**Information supplied**.
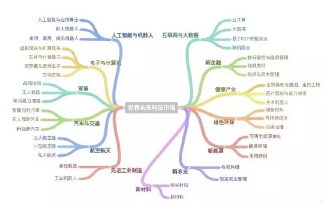 首先我提醒大家关注这张图。未来几十年的发展方向都蕴藏在这张图里。有这些方向:人工智能与机器人、电子与计算机、军事、汽车与交通、航天航空、先进工业制造、互联网与大数据、新金融、健康产业、绿色环保、新能源、新农业、新材料。
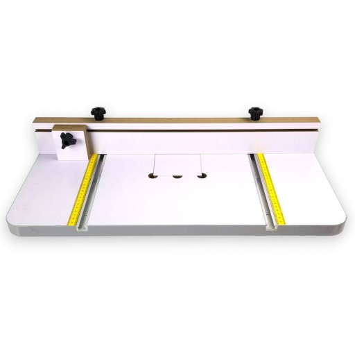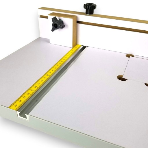 - > blat 605mm x 300mm x 25mm z wmontowanymi profilami T-track i naklejonymi miarkami
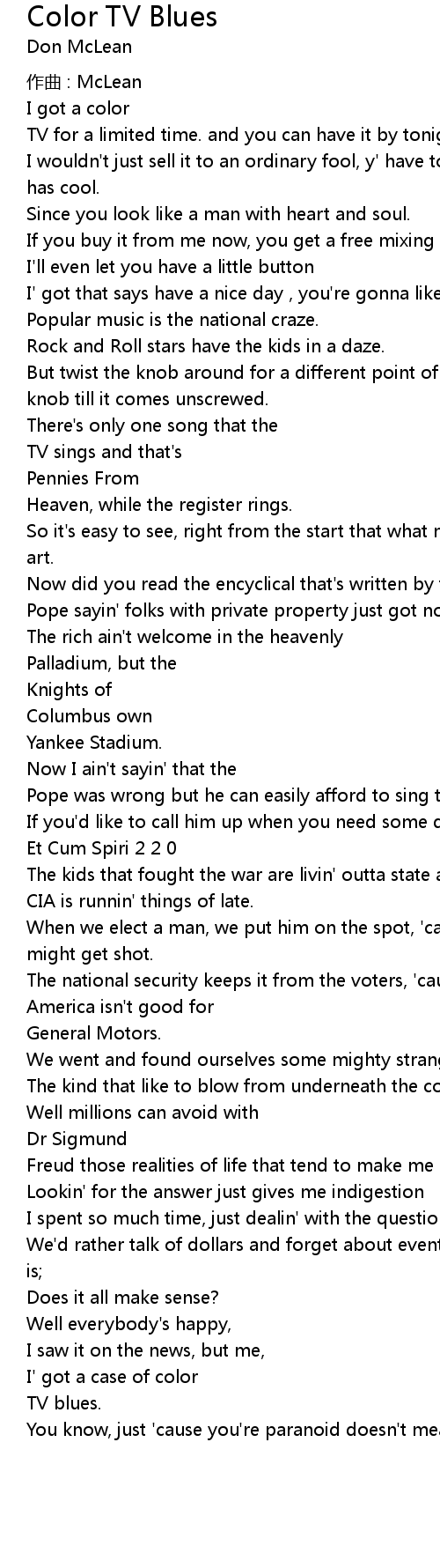 | Song | Color TV Blues |

**Task brief**. All of the material above is to be retyped exactly, with no pictures included.

**Result below**.
 首先我提醒大家关注这张图。未来几十年的发展方向都蕴藏在这张图里。有这些方向:人工智能与机器人、电子与计算机、军事、汽车与交通、航天航空、先进工业制造、互联网与大数据、新金融、健康产业、绿色环保、新能源、新农业、新材料。
 - > blat 605mm x 300mm x 25mm z wmontowanymi profilami T-track i naklejonymi miarkami
 | Song | Color TV Blues |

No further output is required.